Was ist die Adaptive Radiation?

Unter dem Begriff adaptive Radiation (lat.: „adaptare“ = anpassen, „radiatus“ = ausstrahlend) versteht man die Auffächerung (Radiation) einer geringer spezialisierten Art in mehrere stärker spezialisierte Arten durch die aktive Anpassung (Adaption) an vorhandene Umweltverhältnisse.
Dabei sorgt eine geographische Separation (räumliche Trennung) für die Entwicklung der Gründerpopulation in unterschiedliche Richtungen. Dadurch kommt es zu einer Verschiebung der ökologischen Nische bei dem Teil der Gründerpopulation, der neue Merkmale aufweist. Diese Gruppe der Lebewesen wird auch als Teilpopulation bezeichnet. Als ökologische Nische bezeichnet man die Gesamtheit aller belebten (biotisch) und unbelebten (abiotisch) Umweltfaktoren, die das Überleben einer Art beeinflussen.

 

Um dies besser zu verstehen, erklären wir dir dieses Phänomen an einem Beispiel:
Stell dir vor eine Gruppe Affen lebt in einem Urwald, in dem es vielfältiges Nahrungsangebot gab. Aufgrund von Brandrodung mussten sie sich einen neuen Lebensraum suchen. Ein Teil der Gründerpopulation fand einen neuen Lebensraum, in dem es jedoch keine geeigneten Beutetiere (Vögel oder kleinere Säugetiere) gab. Deshalb mussten die Affen ihre Ernährungsweise ändern. Sie wurden zu Pflanzenfressern (Herbivoren). Daraufhin veränderte sich ihr Gebiss im Laufe der Zeit: aus Reißzähnen wurden abgeflachte Zähne, die zur Zerkleinerung von Pflanzen geeigneter waren.
Die andere Teilpopulation besiedelte ein Gebiet, in dem ein geringes Angebot an Pflanzen vorhanden war, die für die Affen ungiftig waren. Also spezialisierten sie sich auf die Jagd und auf den Verzehr von kleineren Säugetieren. Dadurch prägten sich ihre Eckzähne mit der Zeit stärker aus, da diese für die Jagt besonders geeignet waren.
Beide Teilpopulationen waren also dem Selektionsdruck ausgesetzt, der die Anpassung an bestehende Umweltverhältnisse notwendig macht. Somit überleben nur die Individuen, die sich an die neuen Umweltverhältnisse anpassen.
Deshalb verläuft die Evolution bei den beiden Teilpopulationen in unterschiedliche Richtungen. Dabei spielen vor allem der Gendrift, Mutationen (zufällige Veränderung der DNA) und unterschiedliche Selektionsfaktoren eine Rolle.
Aufgrund der geographischen Separation waren die Teilpopulationen über einen sehr langen Zeitraum voneinander getrennt und können sich nicht mehr erfolgreich miteinander fortpflanzen (Fortpflanzungsbarriere).

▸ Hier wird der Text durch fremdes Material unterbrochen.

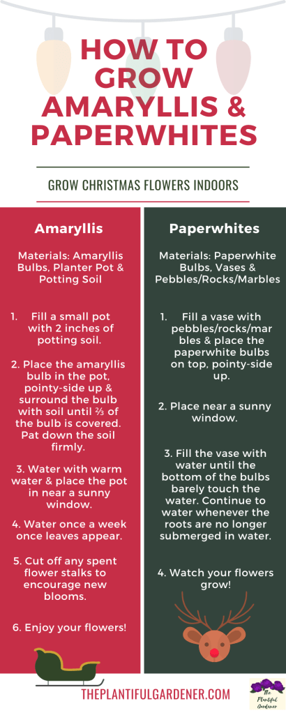 I first found out about amaryllis and paperwhite flowers when I started getting into gardening a few years ago. I had never heard of growing flowers indoors for the holidays. I didn’t even know you could grow flowers inside so easily. Then one day I was watching Garden Answer on YouTube & she did a whole video on growing amaryllis flowers. I knew that I had to get my hands on these bulbs.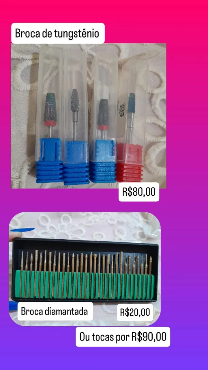 Kit completo para unhas perfeitas! Brocas de tungstênio e diamantadas de alta qualidade para um acabamento impecável. Adquira já o seu! Só entra em contato se tiver interesse.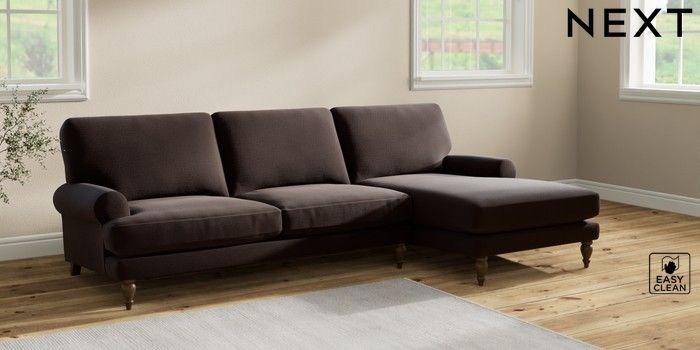 7.2.10 Erin Deep Relaxed Sit Medium Sofa Chaise - Right Hand Fine Chenille Easy Clean Chocolate Brown High Classic Turned - Mid | Made Click here to use our website with more accessibility support, for example screen readers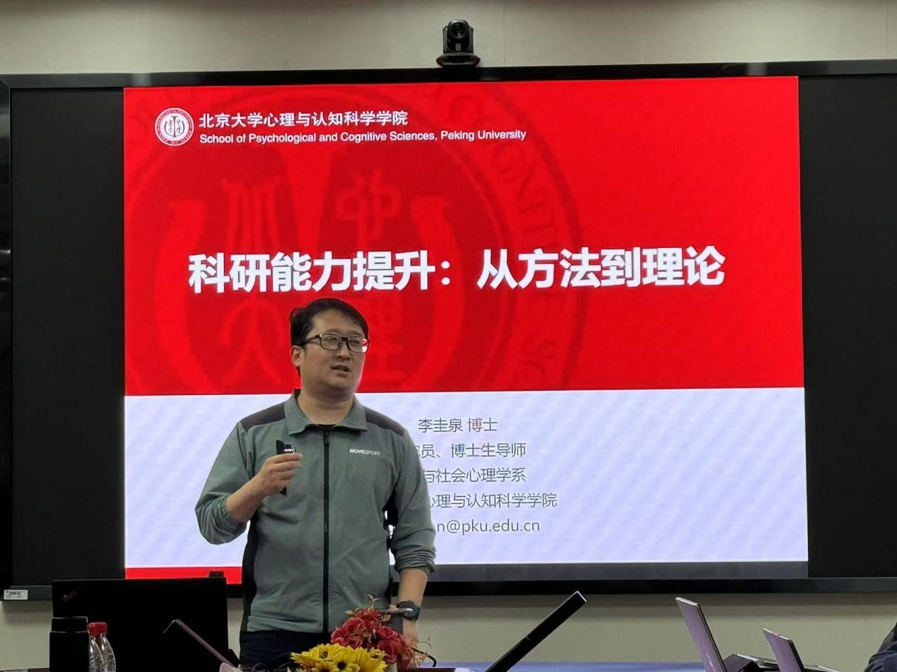 11月13日下午,PA视讯集团官网第二十期励学讲堂在励学楼201举行。北京大学心理与认知科学公司研究员、博士生导师李圭泉教授受邀为研究生们做主题为 “科研能力的提升:从方法到理论” 的学术讲座,PA视讯集团官网罗文豪教授主持。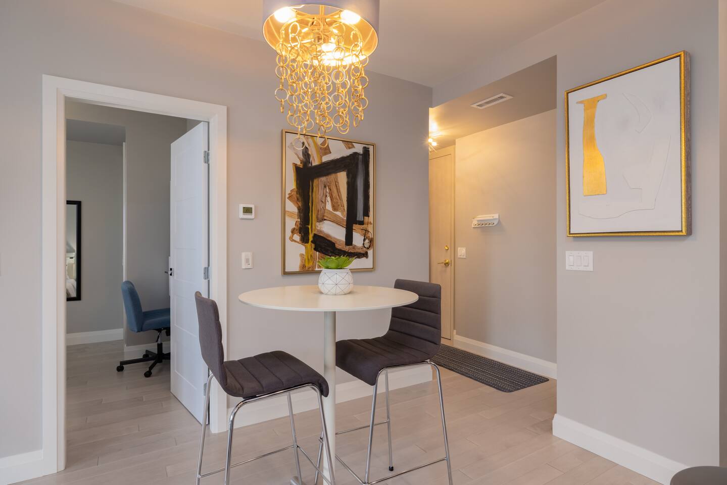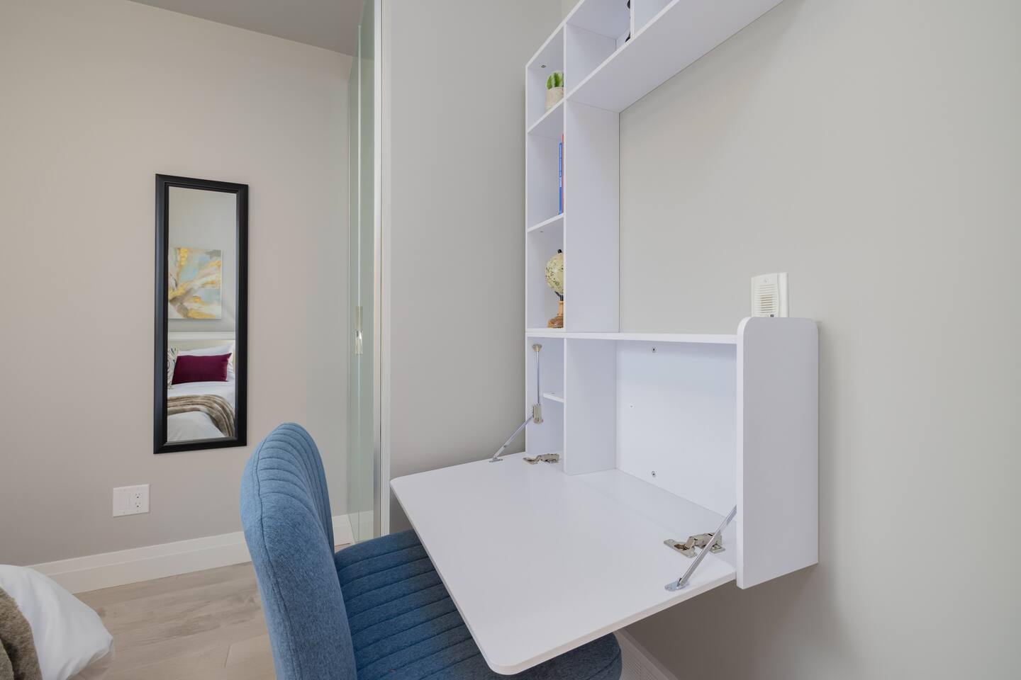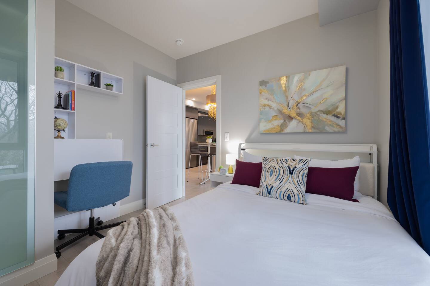 The unit has two bedrooms and two full bathrooms. The fully equipped kitchen features soft-close cabinets, Miele appliances, and quartz countertops. The living area is open-concept with floor-to-ceiling glass, 9-foot ceilings, and all new furniture. The master suite features a walk-in closet, dual sinks, and a tiled tub/shower combo. The patio overlooks the beautiful view of University Drive and includes a natural gas hook-up for a BBQ. The unit has two underground side-by-side parking stalls and one secure storage unit. This unit is fully furnished, decorated, and supplied with all the standard essentials and equipment expected a home-away-from-home. A workstation is included in the second bedroom, well-suited for professionals. Enjoy all the extras, including an in-suite washer & dryer as well as heated underground parking and storage. This thoughtfully designed space is sure to provide maximum comfort and convenience. Pets are allowed but require owner approval.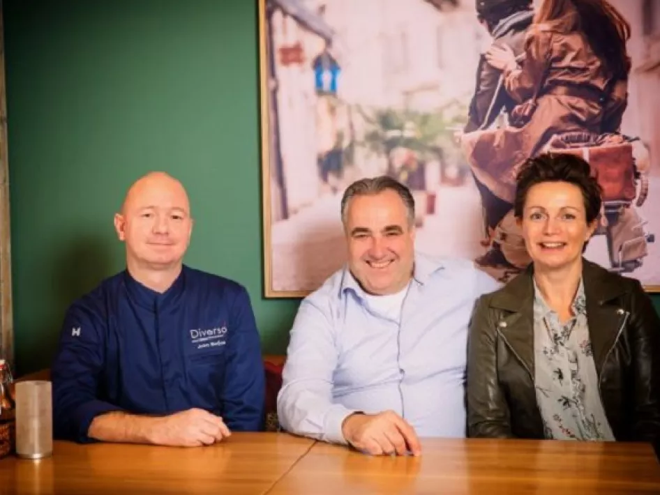 Die Terrasse des Restaurants Diverso befindet sich auf der Rückseite des Gebäudes. Dies ist ein ruhiger Ort im Grünen. Terrasse, Garten und Parkplatz sind großzügig angelegt und der alte Baumbestand sorgt für eine rustikale Atmosphäre. Die Terrasse bietet Platz für 80 Gäste in bequemen Rattanstühlen. Der Kamin wird regelmäßig angezündet. Dieser Ort eignet sich hervorragend für Mittag- und Abendessen sowie Getränke für kleine und große Gruppen. Decken und Terrassenheizung werden bereitgestellt, um die Natur so lange wie möglich zu genießen.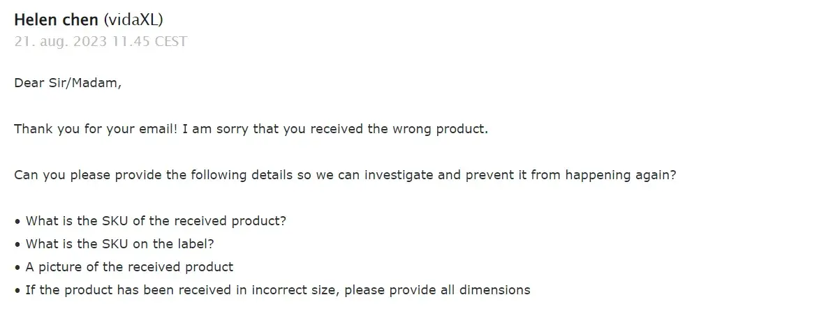 Disappointing Customer Service and Fraudulent Practices: My Experience with Vida-XL on eBay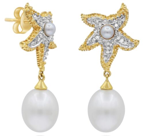 14KT YELLOW GOLD FUN HANGING EARRINGS. 3D STARFISH DESIGN. ROUND DIAMONDS ARE F/G COLOR, VSSI CLARITY .07 CARATS. FEATURES AAA SOUTH SEA PEARLS. WRITTEN APPRAISAL AVAILABLE. COMES IN A PRESENTABLE GIFT BOX.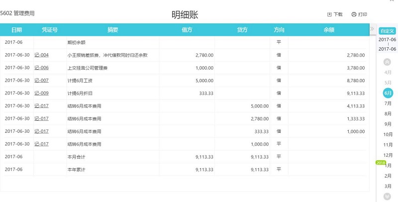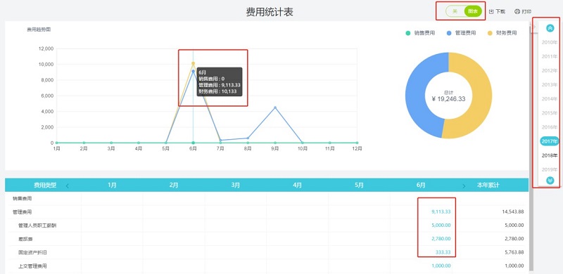 上方有图标曲线图展现,鼠标滑至某月节点时,出现当月的费用总分类金额统计。鼠标点击金额,可以打开明细账,并继续联查至凭证数据。如下图:

Dies bezeichnet man als Reproduktive Isolation. Also die Unterbrechung des Genflusses zwischen Populationen der ursprünglich gleichen Art. Entweder die Fortpflanzung führt zu keinen Nachkommen oder die Nachkommen sind unfruchtbar.
Würden diese beiden Teilpopulationen den gleichen Lebensraum besiedeln gibt es wegen ihrer unterschiedlichen Ernährungsweisen (Pflanzenfresser, Fleischfresser) keine innerartliche Konkurrenz. Dies bezeichnet man als Koexistenz.
Die adaptive Radiation kann sich innerhalb einer Art mehrmals wiederholen oder parallel ablaufen. Dabei entsteht, wie oben erklärt, eine neue Art.